Exercise =
An exact, complete copy of the entries below is required, minus any pictures.

Records for this exercise =
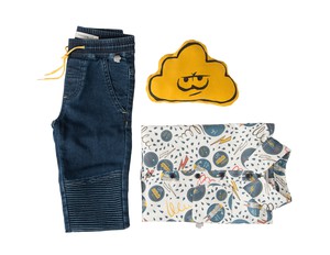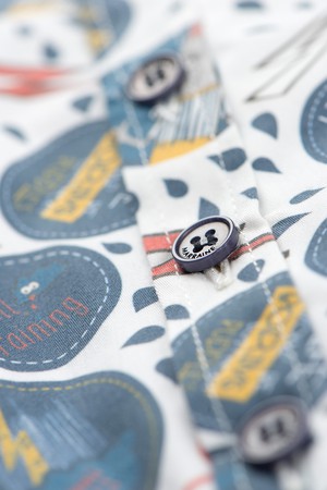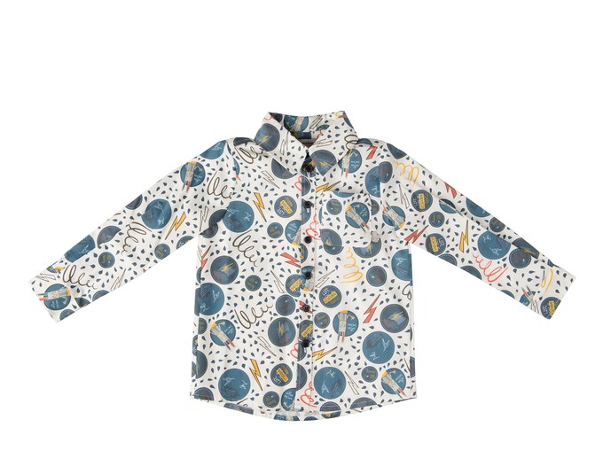 Details: shirt collar, long sleeves, breast pocket, button placket, corozo buttons, exclusive Marraine Kids print
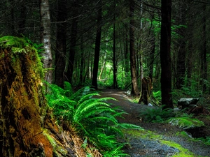 birch-tree, fern, trees, viewes, forest
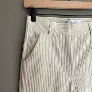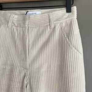 LA LIGNE Reece Trouser Ivory Size 2 Cream Corduroy Pant High Rise Wide Leg Chic
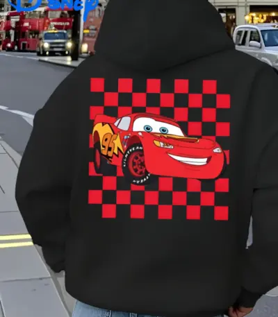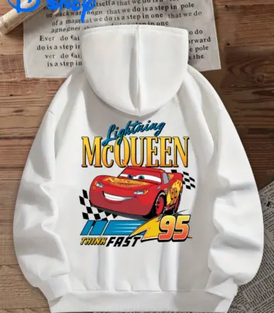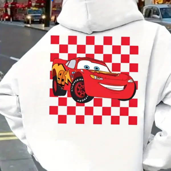 Disney Women’s Hoodie Lightning McQueen Racing Pattern Hoodie Suitable for Car Movie Fans Hoodie Disney Costume
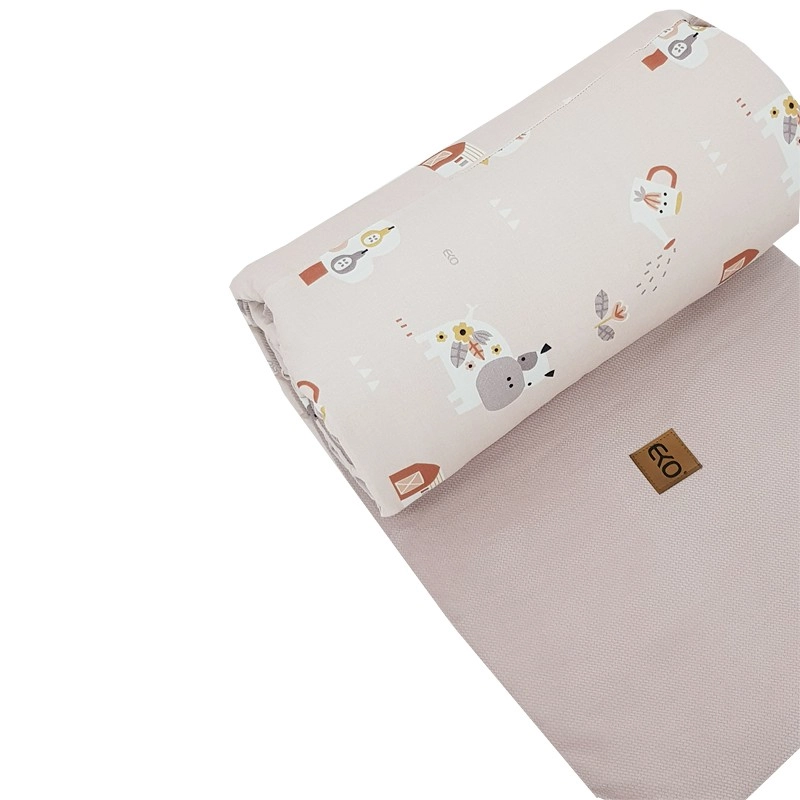 Den elegante og funktionelle sengekant EKO VELVET My Farm udmærker sig ved sin bløde berøring, kvalitetsfyld og tidløse udseende. Kombinationen af 100% bomuld og VELVET-velouroverflade giver barnet komfort og tryghed, mens den hypoallergene, åndbare fyldning dæmper stød mod tremmesengens sider.
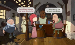 Every location, from the sun-drenched docks of Port Rubicund to the frozen heights of Gloomholm, is packed with lovingly animated details and more than forty unique characters. The trophy cabinet includes a surprise cameo by Tom Baker, and the script—all voiced in both English and German—is as funny at age nine as it is at ninety. Puzzles range from gently teasing to mind-bending, but even on an off-day they’re so well designed you’ll never feel truly stuck.
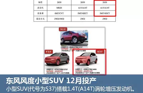 根据江苏省环保厅公布的消息,东风风度全新小型SUV代号为S37,外观尺寸为4350*1790*1650毫米,SOP(量产)时间为2016年12月,将由风雅汽车销售。动力方面,东风风度小型SUV搭载1.4T涡轮增压发动机喝一款1.5升自然吸气发动机,传动系统匹配5速手动变速器和6速双离合变速器。
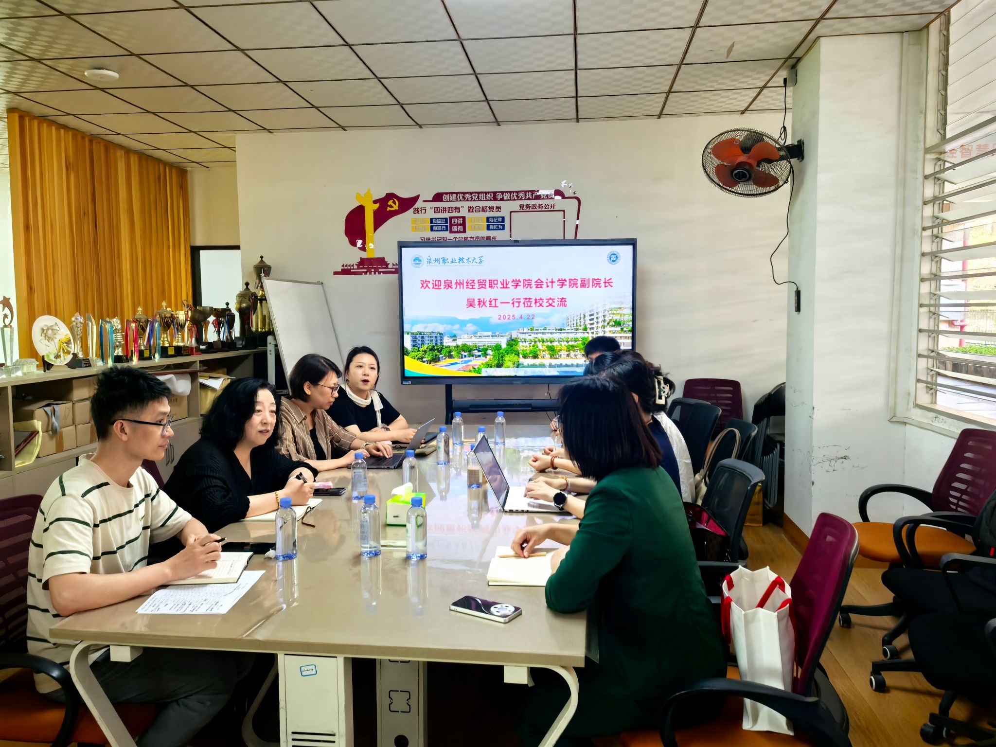 为深化职业教育改革,推动会计专业产教融合创新发展,2025年4月22日下午,会计学院副院长吴秋红带队赴泉州职业技术大学开展参观交流活动。泉州职业技术大学商学院院长姚宏伟、商学院院长助理郭学超等出席相关活动。
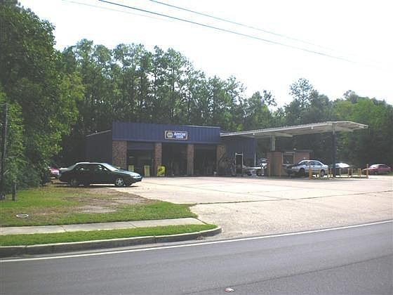 Great Commercial Site! Metal roof, apartment or office above. Storage area,.76 acre lot, 3 large bays and 1 small bay in rear (240 sq. ft.). Lot size 151x213x174x187. Front canopy. Tools and business sold separately. For all $260,000. Agent related to owner.
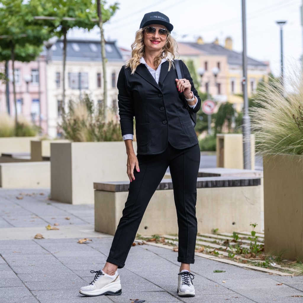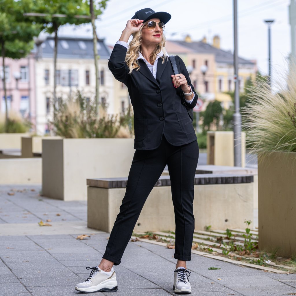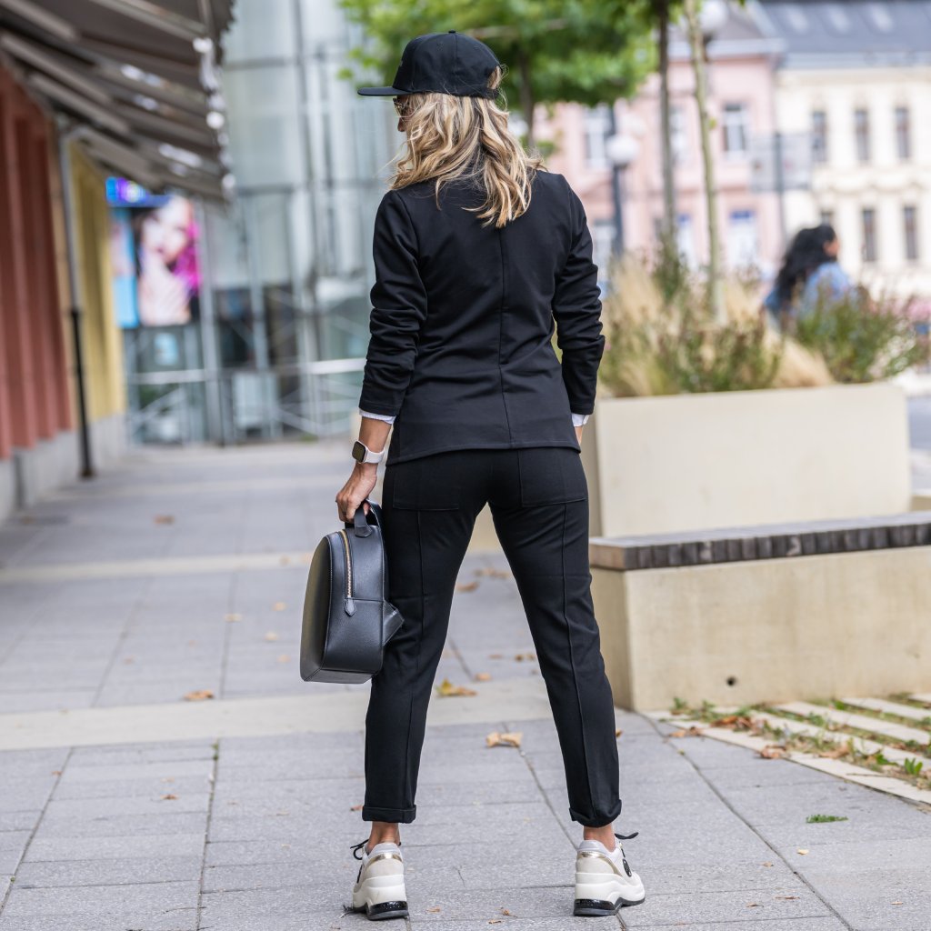 Luxusní pohodlné sako z příjemného elastického materiálu v černé barvě. Skvěle se hodí k šatům, sukni, kraťasům, ale vynikne i ke všem našim kalhotám ze stejného materiálu ;)

Answer to the exercise =
 Details: shirt collar, long sleeves, breast pocket, button placket, corozo buttons, exclusive Marraine Kids print
 birch-tree, fern, trees, viewes, forest
 LA LIGNE Reece Trouser Ivory Size 2 Cream Corduroy Pant High Rise Wide Leg Chic
 Disney Women’s Hoodie Lightning McQueen Racing Pattern Hoodie Suitable for Car Movie Fans Hoodie Disney Costume
 Den elegante og funktionelle sengekant EKO VELVET My Farm udmærker sig ved sin bløde berøring, kvalitetsfyld og tidløse udseende. Kombinationen af 100% bomuld og VELVET-velouroverflade giver barnet komfort og tryghed, mens den hypoallergene, åndbare fyldning dæmper stød mod tremmesengens sider.
 Every location, from the sun-drenched docks of Port Rubicund to the frozen heights of Gloomholm, is packed with lovingly animated details and more than forty unique characters. The trophy cabinet includes a surprise cameo by Tom Baker, and the script—all voiced in both English and German—is as funny at age nine as it is at ninety. Puzzles range from gently teasing to mind-bending, but even on an off-day they’re so well designed you’ll never feel truly stuck.
 根据江苏省环保厅公布的消息,东风风度全新小型SUV代号为S37,外观尺寸为4350*1790*1650毫米,SOP(量产)时间为2016年12月,将由风雅汽车销售。动力方面,东风风度小型SUV搭载1.4T涡轮增压发动机喝一款1.5升自然吸气发动机,传动系统匹配5速手动变速器和6速双离合变速器。
 为深化职业教育改革,推动会计专业产教融合创新发展,2025年4月22日下午,会计学院副院长吴秋红带队赴泉州职业技术大学开展参观交流活动。泉州职业技术大学商学院院长姚宏伟、商学院院长助理郭学超等出席相关活动。
 Great Commercial Site! Metal roof, apartment or office above. Storage area,.76 acre lot, 3 large bays and 1 small bay in rear (240 sq. ft.). Lot size 151x213x174x187. Front canopy. Tools and business sold separately. For all $260,000. Agent related to owner.
 Luxusní pohodlné sako z příjemného elastického materiálu v černé barvě. Skvěle se hodí k šatům, sukni, kraťasům, ale vynikne i ke všem našim kalhotám ze stejného materiálu ;)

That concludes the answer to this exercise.